In recent years there has been an increase in widespread drug use and addiction—one of the most negative elements in our society. According to recent posts on the website of the National Institute on Drug Abuse (NIDA), some of the surprising statistics (from 2009-2011) on drug abuse in the United States include:
- 23.5 million Americans aged 12 or older needed treatment for an illicit drug or alcohol abuse problem
- Only 2.6 million—11.2 percent of those who needed treatment—received it at addiction treatment facilities
- 41.4 percent of treatment facility admissions involved alcohol abuse
- 20 percent of treatment admissions involved abuse of heroin and other opiate drugs
- 17 percent of treatment admissions involved abuse of marijuana
- 60 percent of admissions were White people
- 21 percent of admissions were African-American people
- 14 percent were Hispanic or Latino people
- 2.3 were American Indian or Alaska Native people
- 1 percent were Asian/Pacific Islander people
Supply and Demand: Increased Drug Use and Related Problems
Due to the widespread use of drugs such as cocaine, "angel dust," marijuana, LSD, heroin and numerous other substances, the demand for illicit drugs has increased. Unfortunately, there are ready drug suppliers who have responded to this increased demand. The importation of illicit drugs in the United-States runs a close second to the importation of petroleum.
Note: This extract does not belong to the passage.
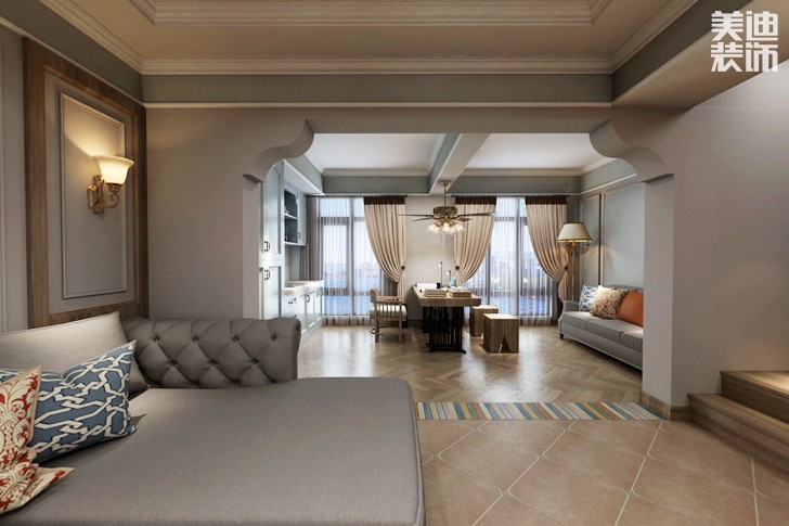 設(shè)計理念: 本案以傳統(tǒng)的中式文化為底蘊(yùn),將清雅含蓄且代表中國傳統(tǒng)家具中的經(jīng)典元素與新中式抽象美感相結(jié)合,以一種東方人的美學(xué)觀念控制節(jié)奏,循序漸近,使整個案例格調(diào)優(yōu)雅,平和內(nèi)斂,將東方文化的美感融入現(xiàn)代生活,盡顯大家風(fēng)范。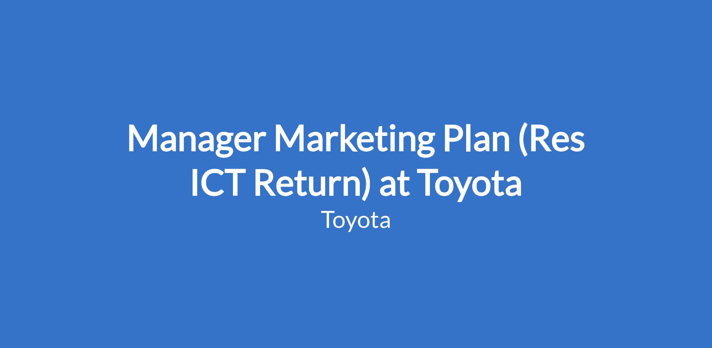 Manager Marketing Plan (Res ICT Return) at Toyota

The NIDA reports that drug abuse has a negative economic impact on our society, costing us approximately $67 billion per year. This figure includes costs related to drug crime, social welfare programs, medical costs related to drug abuse, and time lost from work. NIDA also states that getting treatment for drug addiction could reduce these costs.
Yet more startling statistics related to drug abuse in the U.S. (from 2003) come from the Centers for Disease Control and Prevention (CDC). The CDC reports that:
- More than 25,000 people died in 2003 from drug-induced effects
- The 123,235 adults living with AIDS in the U.S. in 2003 contracted the disease from injection drug use
- The survival rate for those persons is less than that for persons who contracted AIDS from other modes of transmission
- 47 percent of women diagnosed with AIDS are injection drug users
- 19 percent of women diagnosed with AIDS report having sex with injection drug users
The Hazelden Foundation reports that alcohol and drugs account for 52 percent of all traffic fatalities. In a study conducted in British Columbia, nearly 50 percent of drivers involved in motor vehicle crashes, tested positive for marijuana. Marijuana use increases the risk of a motor vehicle accident by at least 2-4 times.
The Correlation between Drugs and Crime
It has been found that drugs and crime are interrelated, as demonstrated by research studies conducted by the National Institute of Justice (NIJ), a research branch of the U.S. Department of Justice. The NIJ has found that drug addicts have a stronger tendency to commit crimes. Addicts need money to finance their drug habits. In their desperation to get a drug “fix,” they may commit petty crimes. Often, smaller crimes can lead to bigger ones.
Prevention of Drug Use and Drug Addiction: Is it Possible?
In 2007, a study in the U.K. found that government-backed education and prevention programs designed to steer youngsters away from drugs appeared to have had very little impact. The rate of experimentation with illicit substances among school-aged children and teens continued at roughly the same rate. In fact, recent surveys in the U.K show that teens in Great Britain appear to be the heaviest drinkers and drug users in Europe.
This information about drug use in our society—and especially among our youth—is discouraging, but should not deter community services and anti-drug agencies from continuing their efforts to reach the younger demographic with information and programs that teach them about the perils of drinking and drug use.